Physicians and practice administrators need to continually evaluate their own markets and consider the long-term implications of status quo and change. The most efficient care models, which fully leverage a physician’s time and skills, will be in demand in every future scenario. The ability to positively impact patients efficiently with quality outcomes is the new imperative—and a cornerstone for all other changes.
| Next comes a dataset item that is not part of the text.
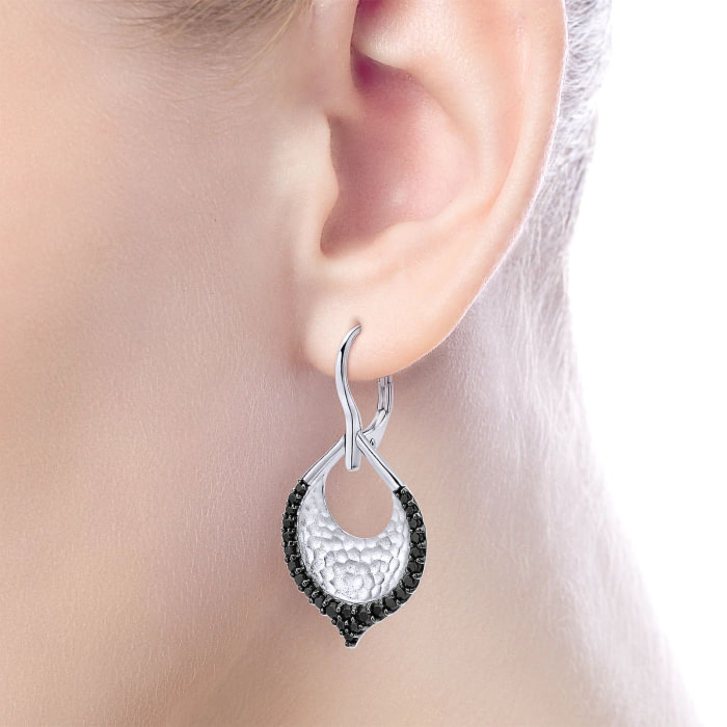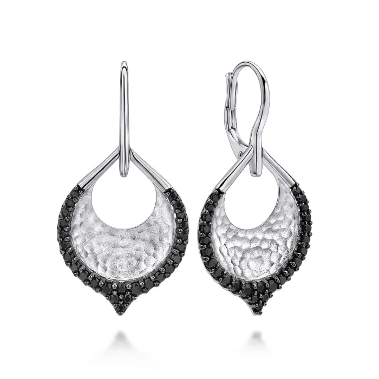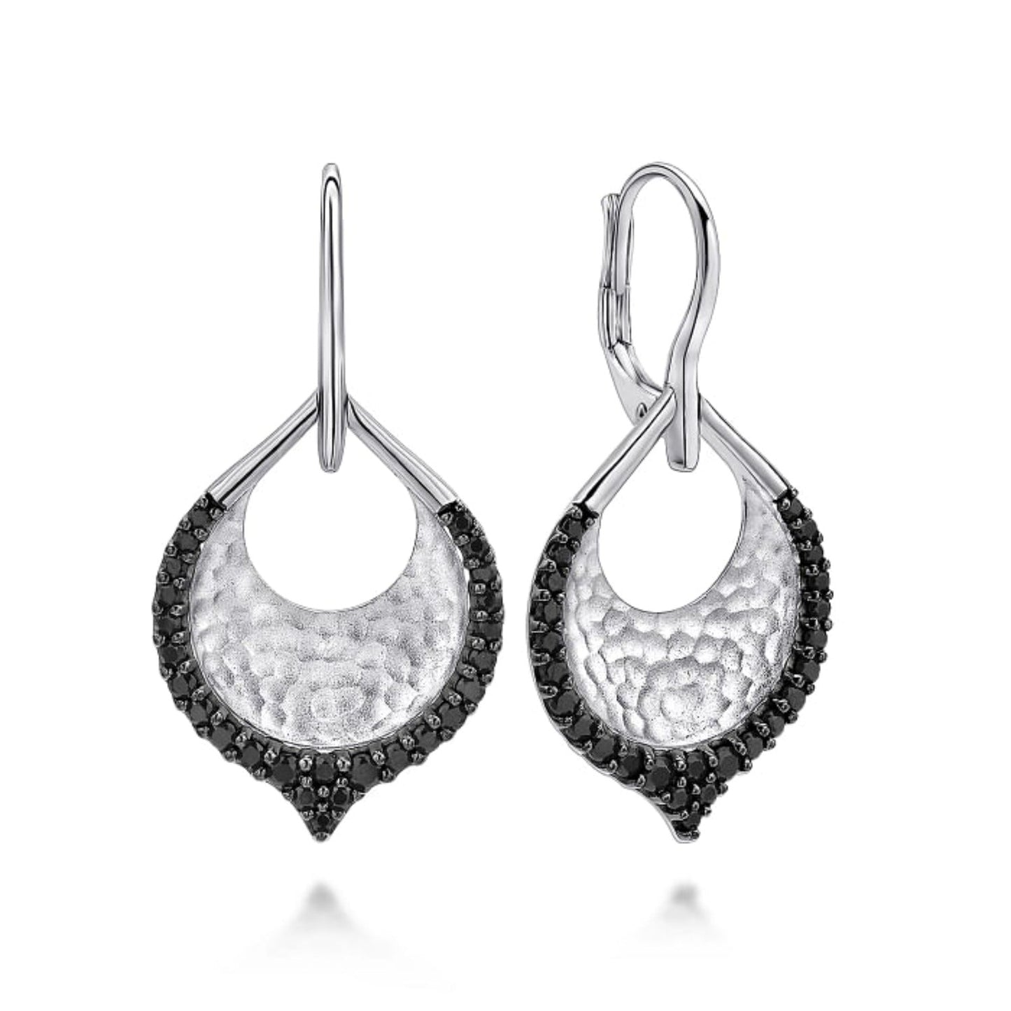 Dangle in style with Gabriel's Sterling Silver "Byblos" Earrings, adorned with 1.20 carats of round-cut black spinels. The earrings feature a hammered finish, adding a modern touch to the design. With Gabriel's commitment to craftsmanship, these earrings effortlessly blend sophistication with contemporary flair, making them a striking addition to your collection.

Physicians may choose health system employment or employment with larger groups, but it makes sense only to the degree those organizations are able to weather the storms they too are about to encounter. Certainly, many hospital systems are and will be experiencing their own challenges with significantly reduced per unit reimbursement. The opportunity to strategically align with health systems or payers through CINs or ACOs may provide many of the benefits of larger group employment while allowing physicians to retain more independence.

There is enough evidence that the status quo is not sustainable and the pace of change over the next five years will be as great as anytime in the last 40. Physicians, practice managers, hospital administrators—all need to be at the forefront of addressing every major trend and collaborating on solutions. If we can bend the cost curve, change practice patterns, and even influence population health choices, the American health care system can and will improve as a result.

BOB COLVIN is a principal at Health System Advisors. He has over 25 years of experience leading hospitals and health systems in strategic solutions, ranging from a 500+ bed academic medical center to for-profit facilities, suburban facilities, and small rural hospitals. His experience includes operating a large multispecialty physician group, regional ambulance services, home health agencies, and community primary care clinics.